I think you should show the Army some of these posts. They should convince them, that you REALLY can't wait any longer
to be reunited with hubby. You need to get to Germany NOW


----------



## Ashley Campbell (Jun 21, 2009)

Yeah right Thomas - it'd be like:

They're coming to take me away, HAHA! HEHE! To the FUNNY FARM where life is beautiful all day long...


----------



## Jim Nash (Mar 30, 2006)

Ashley Campbell said:


> Yeah right Thomas - it'd be like:
> 
> They're coming to take me away, HAHA! HEHE! To the FUNNY FARM where life is beautiful all day long...

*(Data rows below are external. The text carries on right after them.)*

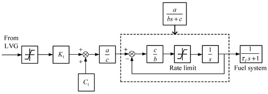 The fuel control system, including the fuel rate change limit, is shown in Figure 3. In Figure 3, and are the gain of the fuel limiter and the constant for compensating the consumption of the compressor respectively; , , and are parameters of the valve positioner; is the time delay of the fuel regulator. The output of the least value gate passes through the limit function to constrain its magnitude within the maximum and minimum range. The maximum limit is enabled when the turbine is overheating, which is determined by the maximum acceptable temperature in the MGT. By contrast, the minimum limit is chosen to maintain that sufficient fuel flows into the gas turbine combustion system to ensure the flame maintained. It is a “hard” constraint and typically set at approximately 10% of a torque deficiency [16]. The fuel control system consists of a valve positioner and a fuel regulator. The input to the integrator represents the rate of valve opening, where a limit is imposed to constrain the rate of power change. The fuel flow of the fuel system is decided by the inertia of the fuel system regulator, and the equivalent transfer function is shown in Figure 3.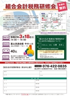 このようなことから本会では、3月に決算期を迎えられる組合等が多数あるため、下記の通り組合会計税務研修会を開催し、日頃よく相談が寄せられる会計・税務の処理方法、決算にあたり留意すべき事項等について説明いたします。また、複数の税率が生じることとなる当該年度の申告の留意点等についても併せてご説明いたしますので、この機会にぜひご出席ください。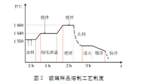 實(shí)驗(yàn)樣品的熔制流程如圖2所示,首先根據(jù)組分設(shè)計(jì)計(jì)算玻璃配方,稱量并配制約500g配合料,在研缽內(nèi)充分研磨、混合均勻,待硅鉬棒電爐升溫至1550 ℃時(shí),將混合均勻的配合料分多次加入預(yù)熱過的鉑金坩堝中,保溫2h至原料熔化充分后以5 ℃/min的升溫速率加熱至1640 ℃,并在該溫度條件下保溫4h,實(shí)現(xiàn)玻璃的充分熔化與澄清。然后繼續(xù)升溫至1680 ℃保溫2h使玻璃液完全澄清,出料前30 min進(jìn)行攪拌,然后將玻璃液澆筑在預(yù)熱的耐熱鋼模內(nèi),成型后轉(zhuǎn)入780 ℃的馬弗爐內(nèi)進(jìn)行退火處理,保溫3h后再以1 ℃/min降溫速率慢冷至300 ℃,隨爐冷卻得到經(jīng)過退火的玻璃樣塊。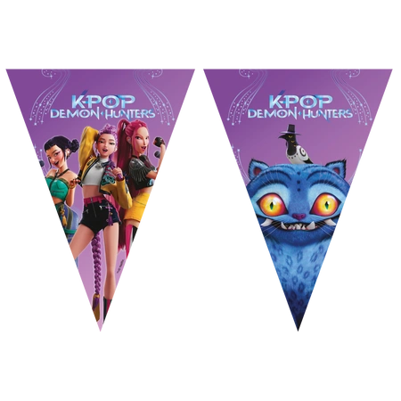 Paper garland with the K-POP motif. It has a length of 230 cm, and each flag has a height of 25 cm.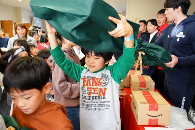 このたびの活動は、台風*の被害が甚大だった長野県内において、未だ避難所での生活を余儀なくされている650人以上の長野市民の皆様に、笑顔を届けるための支援プロジェクトとして企画されました。被災された約120人の幼稚園から高校生までの子ども達をイベントに招待し、地元のアスリート達と一緒に楽しめるスポーツレクリエーションを実施。また、贈りたい相手の年齢や性別、関心にあわせてプレゼントを探せるAmazonの特集ページ「クリスマスギフト2019」で取り扱っている商品のなかから、被災地の子ども達に喜んでいただけるよう、Amazonの玩具担当バイヤーが厳選したおもちゃなどをプレゼントすることで、今なお災害の影響が残る現地で復興に向けて取り組む地元の皆様に笑顔をお届けしました。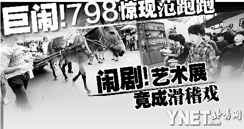 隨后,更多的“作品”給昨日的798平添了不少熱鬧——有趕馬車稱“驢子當(dāng)代藝術(shù)協(xié)會(huì)”的,有推小車賣尿壺稱“為人民服務(wù)”的,還有蒙上黑頭套逮誰(shuí)就問(wèn)“誰(shuí)能告訴我?guī)谀膬骸钡摹@場(chǎng)面倒是響應(yīng)了雙年展此前提出的“人人都是藝術(shù)家”的口號(hào)。不過(guò),記者從路邊一位不停抱怨的候補(bǔ)藝術(shù)家處得知,這些“創(chuàng)作”在開(kāi)幕前的一刻都說(shuō)不算數(shù)了,因?yàn)檫@個(gè)單元的策展人突然宣布退出雙年展,也就是說(shuō)以上的現(xiàn)場(chǎng)行為表演都不再是雙年展的組成部分,而他本人是一位律師,本來(lái)準(zhǔn)備搞個(gè)現(xiàn)場(chǎng)法律咨詢,“這也是我的作品啊,但是現(xiàn)在不想實(shí)施了!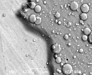 Fig. 4 shows a typical image of a titanium coating obtained by SEM. On the left appears the stainless steel substrate, while on the right, the titanium coating with the presence of macroparticles is observed. Fig. 5 displays a spectrum of the titanium film obtained by EDS, taken in the center of the sample. The presence of titanium and, to a lesser extent, the elements making up the substrate can be seen.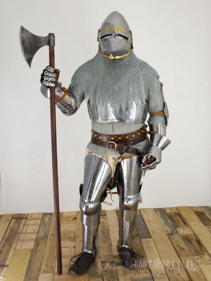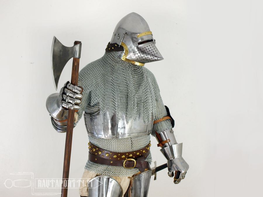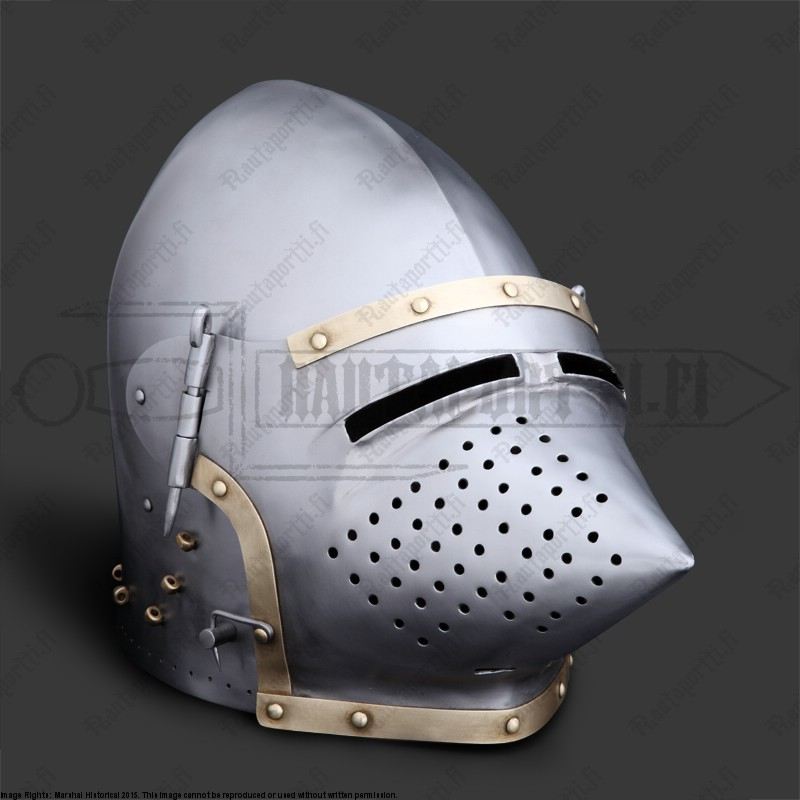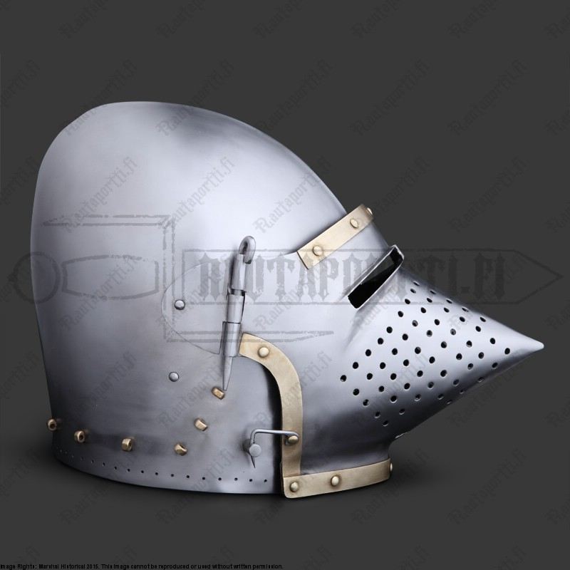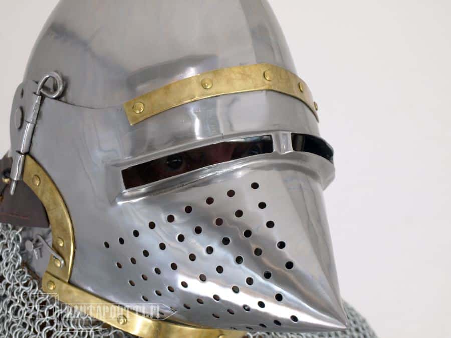 The bascinet dates to 1360-1370, and thanks to its sharp houndskull visor it is one of the most iconic and recognizable helmet types from the middle ages. The shape of the visor is aesthetically pleasing, but the shape derives from pure functionality: it was the best way to stop a rain of arrows and glance them to the side.
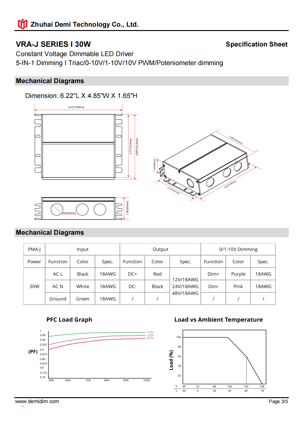 Item number: VRA-12030J,VRA-24030J.VRA-48030J Type : Constant voltage Dimming Mode: Triac/0-10V/1-10V/10V PWM / Potentiometer Output Method: Amplitude Modulation Input Voltage: 110-277V Output Voltage: 12V/24V/48V PF: ≥0.9 Efficiency: ≥85% Warranty: 5 years. Protection: short circuit,overload,over-temperature, Certificate: UL list Brand: DEMII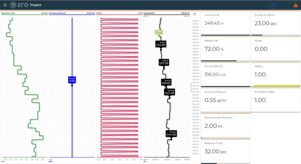 A standout feature of the ECO Digital Platform is its integration with innovative hardware technology, including an acoustic echo sounder. This allows for automated liquid level measurements to mitigate the risk of gas flow. The platform offers a highly adaptable system for continuous monitoring and control of fluid levels within the well. Users can set threshold values for automated warnings and immediate actions, thereby ensuring compliance with technological standards, and minimizing risks.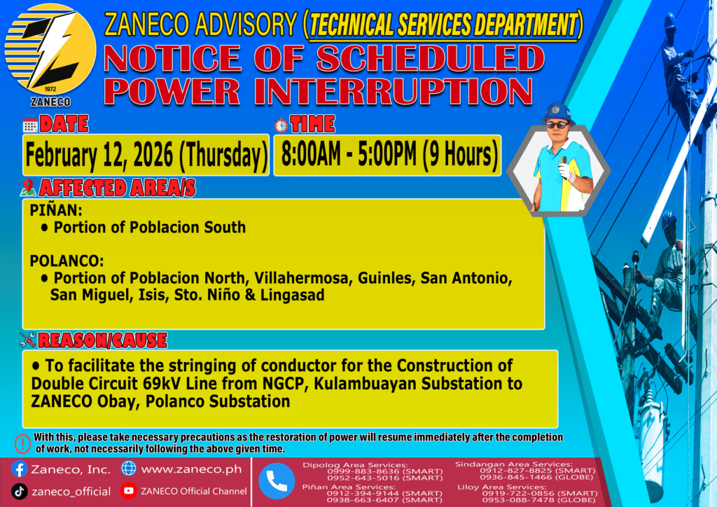 Notice of Scheduled Power Interruption TSD – February 12, 2026 February 11, 2026February 11, 2026 by Jennho Sy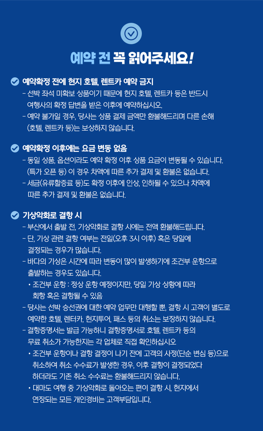 * 운항일정은 현지사정 및 천재지변으로 변경될 수 있습니다.
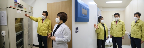 26일 코로나19 백신 예방접종이 시작되는 중구보건소와 코로나19 예방접종센터에 설치된 백신저장 저온냉동보관 시설 등을 점검하고 직원들에게 차질없는 예방접종이 시작 될 수 있게 노력해 달라고 당부하였다.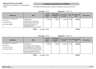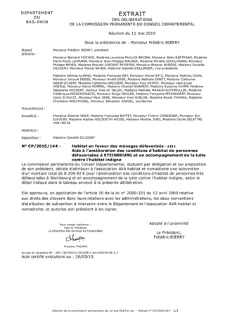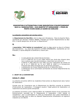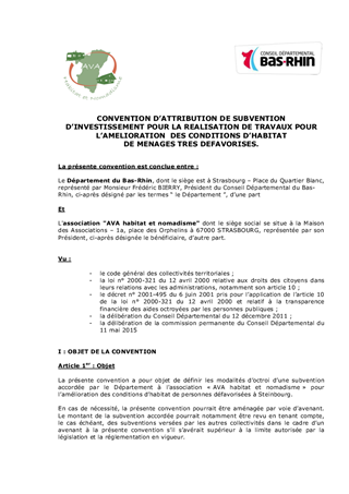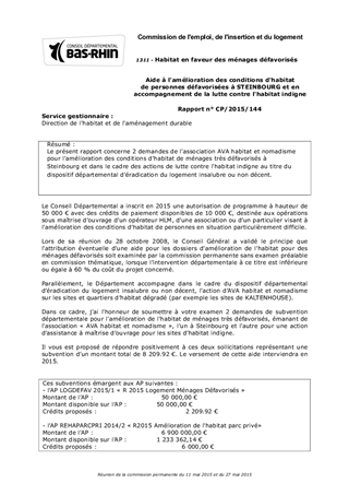 Le présent rapport concerne 2 demandes de l'association AVA habitat et nomadisme pour l'amélioration des conditions d'habitat de ménages très défavorisés à Steinbourg et dans le cadre des actions de lutte contre l'habitat indigne au titre du dispositif départemental d'éradication du logement insalubre ou non décent.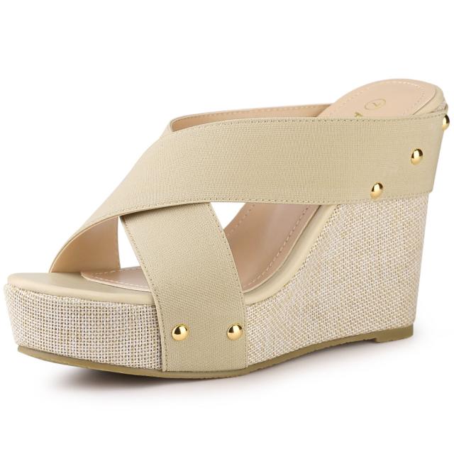 Allegra K サンダル レディース オープントゥ リネンプラットフォーム スライドウェッジヒール ベージュ 26.5 cmの通販は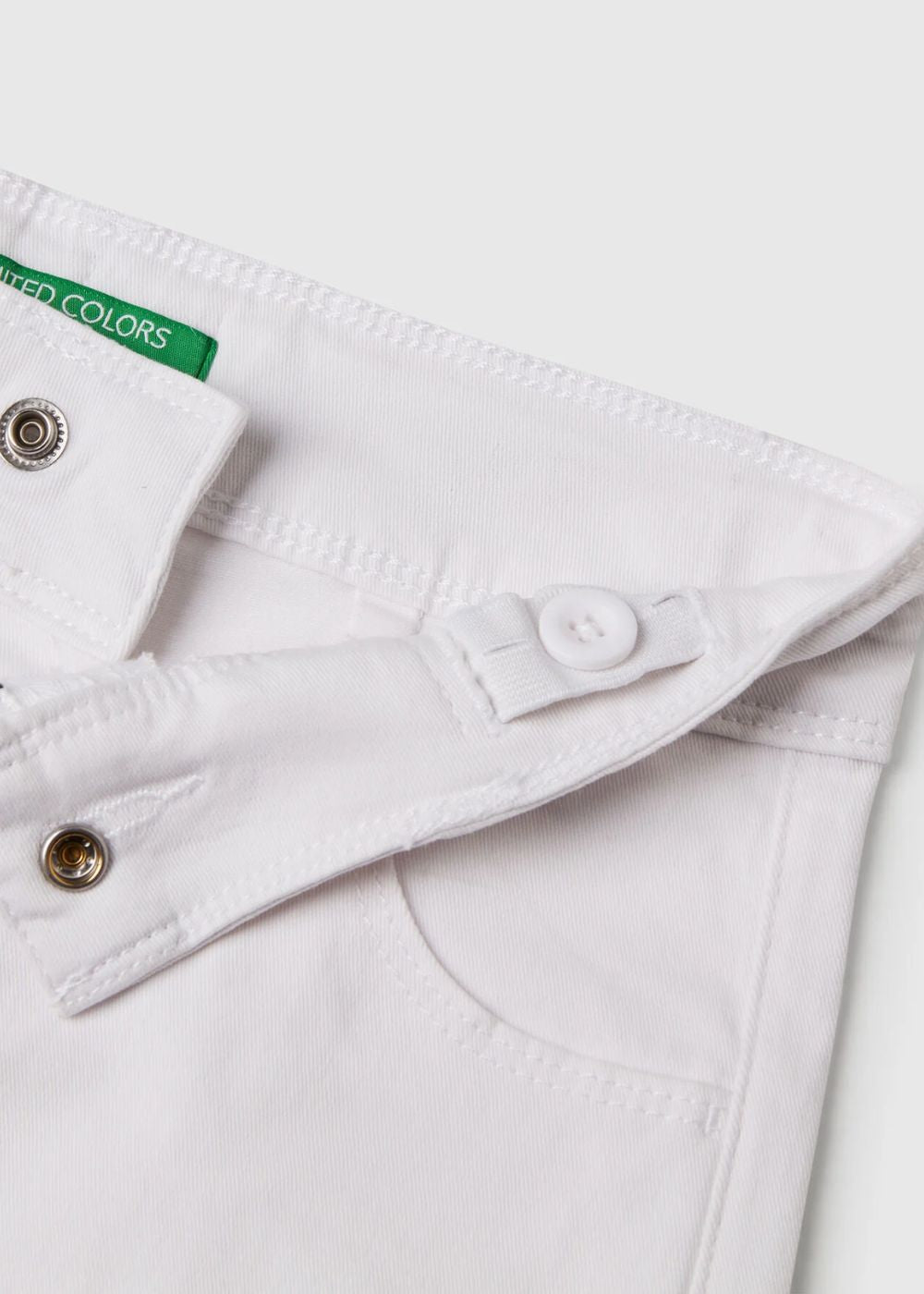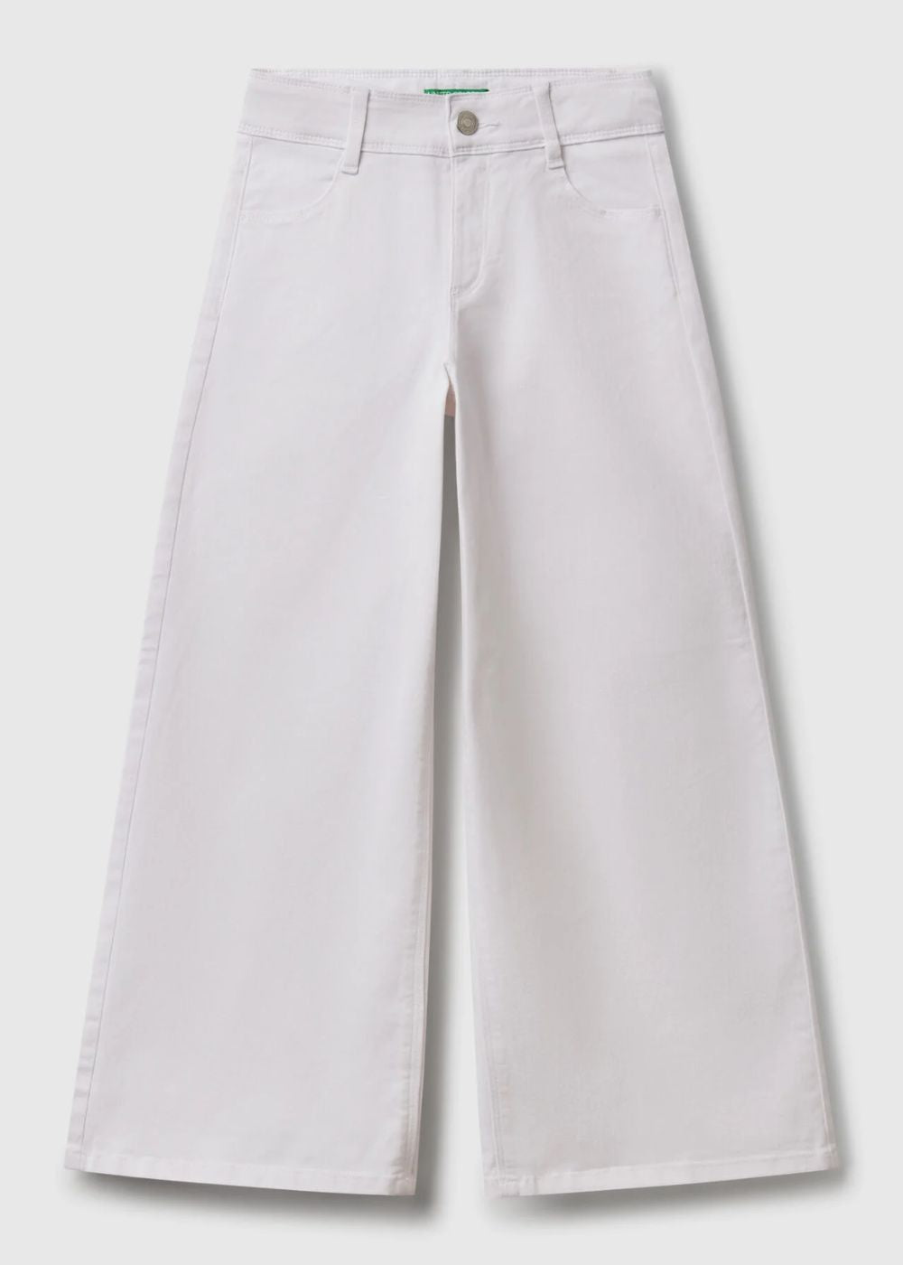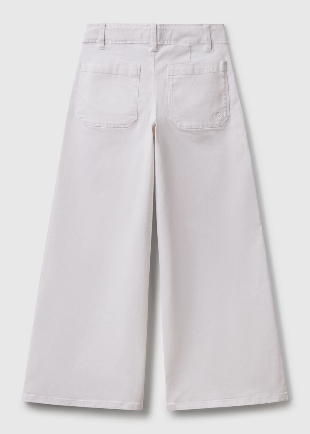 Long trousers in stretch cotton. Slim waist and wide leg. Practical zip and button opening, adjustable inner elastic waist. Front pockets and patch pockets on the back. Perfect with a t-shirt.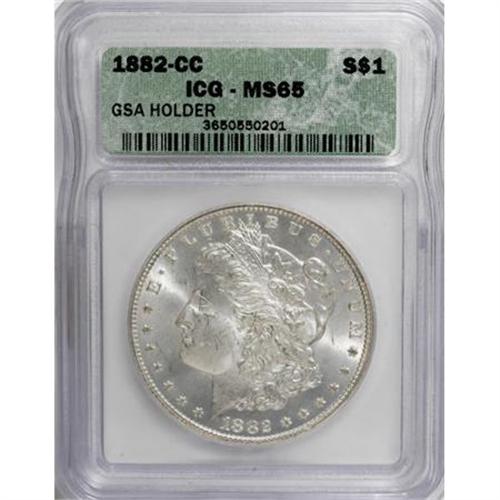 <B>1882-CC $1 MS65 ICG.</B></I> Ex:GSA. NGC Census: (2235/503). PCGS Population (4171/1012). Mintage: 1,133,000. Numismedia Wsl. Price for NGC/PCGS coin in MS65: $385. (#7134)<BR><BR><B>Coin Engraver:</B> George T. Morgan<BR><BR><b>Shipping:</b> Coins & Currency (<a target="_blank" href="http://www.heritageauctions.com/common/shipping.php">view shipping information</a>)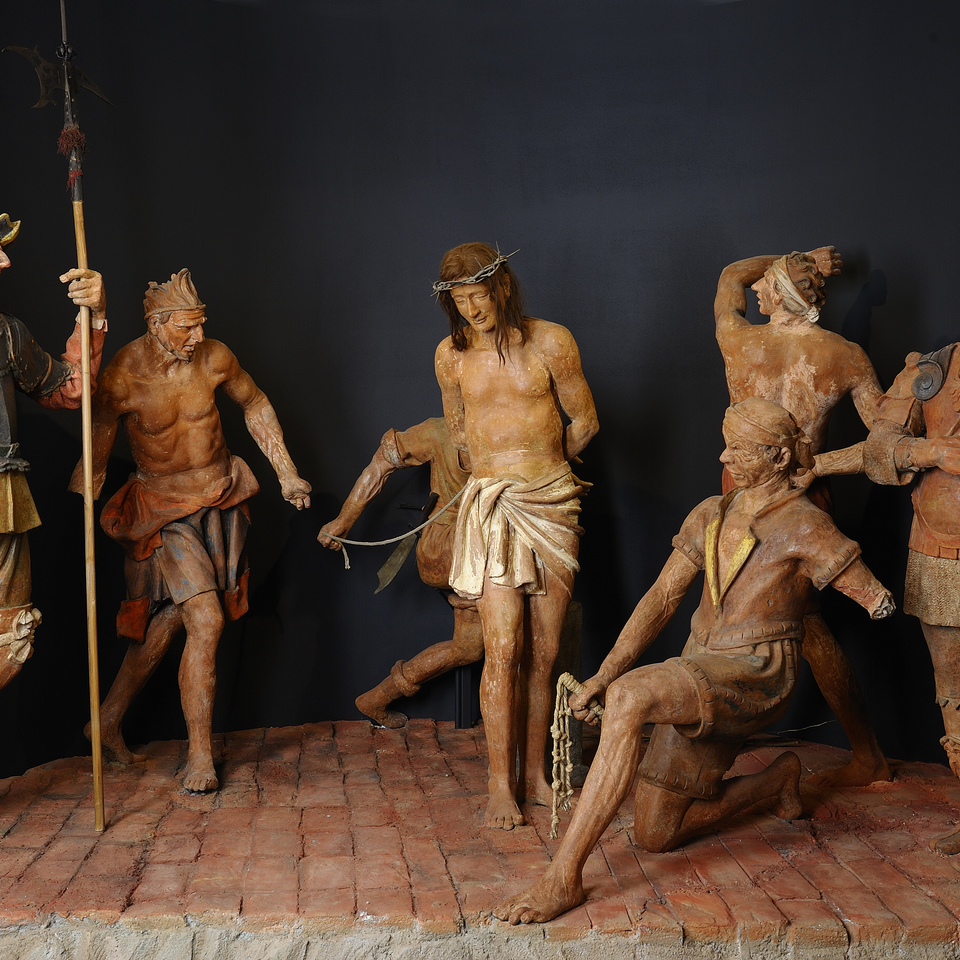 Il percorso inizia con i gruppi statuari del ciclo della passione di Cristo, di provenienza dal battistero del duomo [Sale n.1, 3 e 4]. Si tratta di cinque gruppi scultorei in terra cotta, che rappresentano momenti della Passione di Cristo. La sala detta dell’affresco [sala n.2], contiene frammenti dipinti del ciclo di Giuditta, attribuiti al pittore novarese Bartulonus (1460 ca.).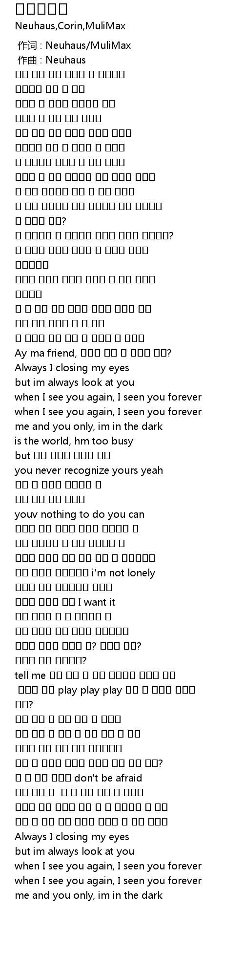 | [00:00.000] | 作词 : Neuhaus/MuliMax |

Who in their rightmind would lock up a women who thinks like you do ?We need more women with a dirty mind like yourself . Especially ones who like to run around in public in their undies .


----------



## Harry Keely (Aug 26, 2009)

Kinda funny but when we were home one day with our 4 year old son he was psst that Thomas wasn't on so my wife told me to get youtube up so I did. So I typed thomas the train on. Here comes Thomas down the tracks and all of a sudden Thomas blows up. I was like oh shit this isn't good but my son started laughing his ass off and got his mother. Well long story short my wife didn't find it funny and of course I got blamed but me and my boy were laughing hysterical. Got to be careful with that youtube stuff these days you never know HAHA.


----------



## Jim Nash (Mar 30, 2006)

Harry Keely said:


> Kinda funny but when we were home one day with our 4 year old son he was psst that Thomas wasn't on so my wife told me to get youtube up so I did. So I typed thomas the train on. Here comes Thomas down the tracks and all of a sudden Thomas blows up. I was like oh shit this isn't good but my son started laughing his ass off and got his mother. Well long story short my wife didn't find it funny and of course I got blamed but me and my boy were laughing hysterical. Got to be careful with that youtube stuff these days you never know HAHA.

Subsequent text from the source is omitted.